◆ **Information shown**:

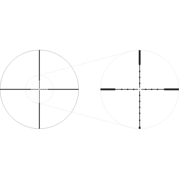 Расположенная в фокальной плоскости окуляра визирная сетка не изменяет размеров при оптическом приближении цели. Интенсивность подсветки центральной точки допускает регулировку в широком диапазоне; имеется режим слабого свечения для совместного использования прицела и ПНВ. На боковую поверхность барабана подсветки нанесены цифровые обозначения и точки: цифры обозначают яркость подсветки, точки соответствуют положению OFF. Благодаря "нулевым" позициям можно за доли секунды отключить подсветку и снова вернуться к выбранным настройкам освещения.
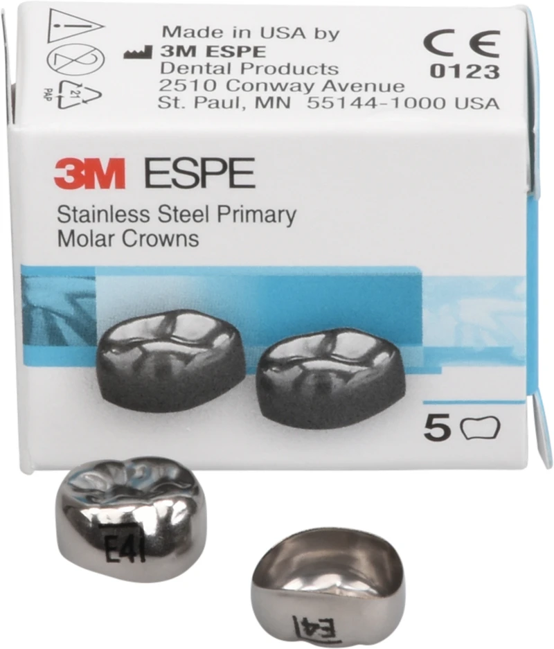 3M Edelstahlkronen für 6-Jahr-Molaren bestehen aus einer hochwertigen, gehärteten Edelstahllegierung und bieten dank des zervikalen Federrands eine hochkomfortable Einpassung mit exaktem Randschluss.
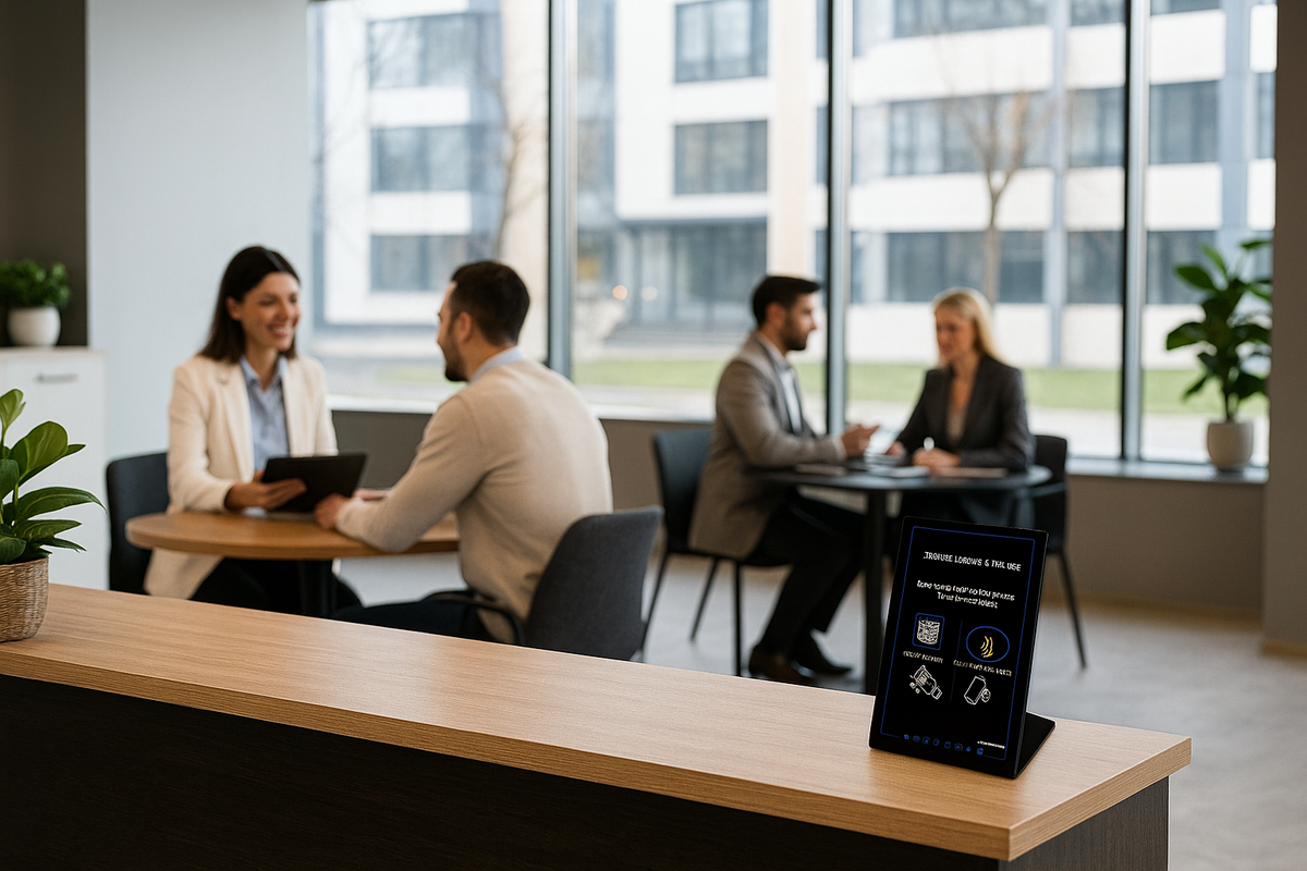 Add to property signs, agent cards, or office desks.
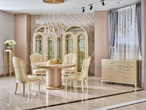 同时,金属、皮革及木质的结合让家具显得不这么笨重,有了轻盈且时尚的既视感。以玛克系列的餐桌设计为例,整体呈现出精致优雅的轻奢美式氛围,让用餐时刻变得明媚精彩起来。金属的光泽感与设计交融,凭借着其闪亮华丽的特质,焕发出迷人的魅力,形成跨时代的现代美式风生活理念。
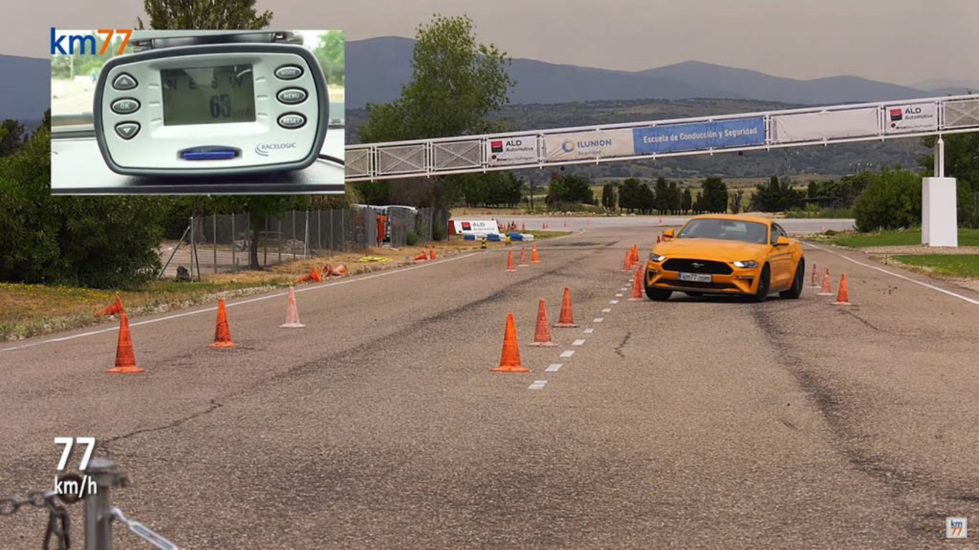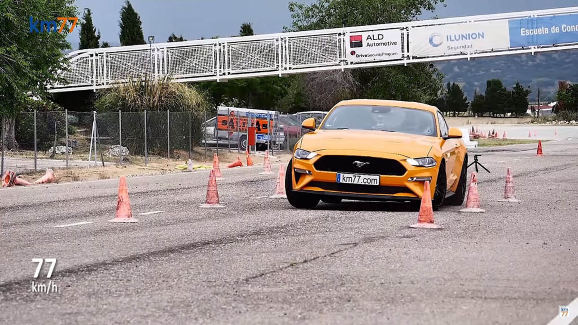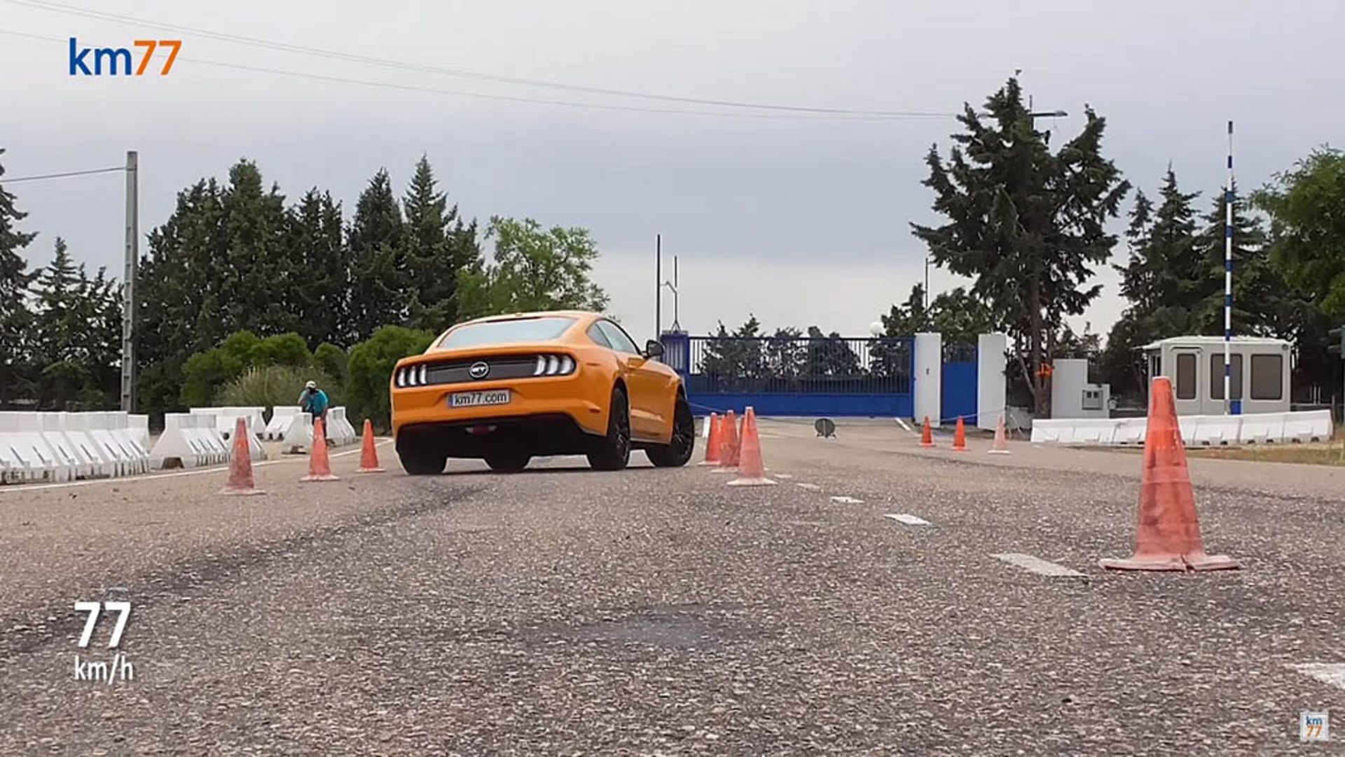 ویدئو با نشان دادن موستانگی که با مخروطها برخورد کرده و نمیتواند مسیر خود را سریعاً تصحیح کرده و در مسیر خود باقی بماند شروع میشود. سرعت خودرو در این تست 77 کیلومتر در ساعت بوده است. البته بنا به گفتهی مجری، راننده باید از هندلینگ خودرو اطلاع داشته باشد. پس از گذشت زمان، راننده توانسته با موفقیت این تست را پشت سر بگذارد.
--
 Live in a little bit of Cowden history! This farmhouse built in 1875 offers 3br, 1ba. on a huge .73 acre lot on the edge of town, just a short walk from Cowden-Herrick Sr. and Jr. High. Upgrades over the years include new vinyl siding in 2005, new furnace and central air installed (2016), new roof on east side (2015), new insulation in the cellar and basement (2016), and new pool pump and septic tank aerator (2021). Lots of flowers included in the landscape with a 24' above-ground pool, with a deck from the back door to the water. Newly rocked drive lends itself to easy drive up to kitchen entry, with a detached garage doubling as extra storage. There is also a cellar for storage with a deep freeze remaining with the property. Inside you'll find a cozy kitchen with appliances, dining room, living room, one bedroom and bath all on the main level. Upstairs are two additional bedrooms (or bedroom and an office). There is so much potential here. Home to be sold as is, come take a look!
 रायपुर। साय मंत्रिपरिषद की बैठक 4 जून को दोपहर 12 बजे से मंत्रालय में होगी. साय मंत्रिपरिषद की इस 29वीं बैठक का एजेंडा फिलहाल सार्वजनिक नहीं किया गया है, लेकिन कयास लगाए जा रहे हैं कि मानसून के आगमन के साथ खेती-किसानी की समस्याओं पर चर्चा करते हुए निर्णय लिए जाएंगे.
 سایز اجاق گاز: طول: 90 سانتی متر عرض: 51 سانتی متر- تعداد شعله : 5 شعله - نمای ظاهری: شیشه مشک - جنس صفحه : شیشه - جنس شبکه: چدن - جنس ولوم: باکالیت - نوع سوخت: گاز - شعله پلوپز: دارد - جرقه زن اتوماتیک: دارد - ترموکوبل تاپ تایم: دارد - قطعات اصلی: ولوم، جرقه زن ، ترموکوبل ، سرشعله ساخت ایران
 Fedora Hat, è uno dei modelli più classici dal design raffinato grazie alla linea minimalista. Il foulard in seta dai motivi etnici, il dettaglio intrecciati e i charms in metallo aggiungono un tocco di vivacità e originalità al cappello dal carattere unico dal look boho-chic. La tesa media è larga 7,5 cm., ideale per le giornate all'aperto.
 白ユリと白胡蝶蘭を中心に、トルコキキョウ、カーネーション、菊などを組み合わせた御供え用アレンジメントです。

◆ **Task statement**:
The expected answer is an exact copy of the lines above, beginning at the line with "Fedora Hat, è" and ending at the line with "白ユリと白胡蝶蘭を中心に、ト", with both ends in.

◆ **Response**:
 Fedora Hat, è uno dei modelli più classici dal design raffinato grazie alla linea minimalista. Il foulard in seta dai motivi etnici, il dettaglio intrecciati e i charms in metallo aggiungono un tocco di vivacità e originalità al cappello dal carattere unico dal look boho-chic. La tesa media è larga 7,5 cm., ideale per le giornate all'aperto.
 白ユリと白胡蝶蘭を中心に、トルコキキョウ、カーネーション、菊などを組み合わせた御供え用アレンジメントです。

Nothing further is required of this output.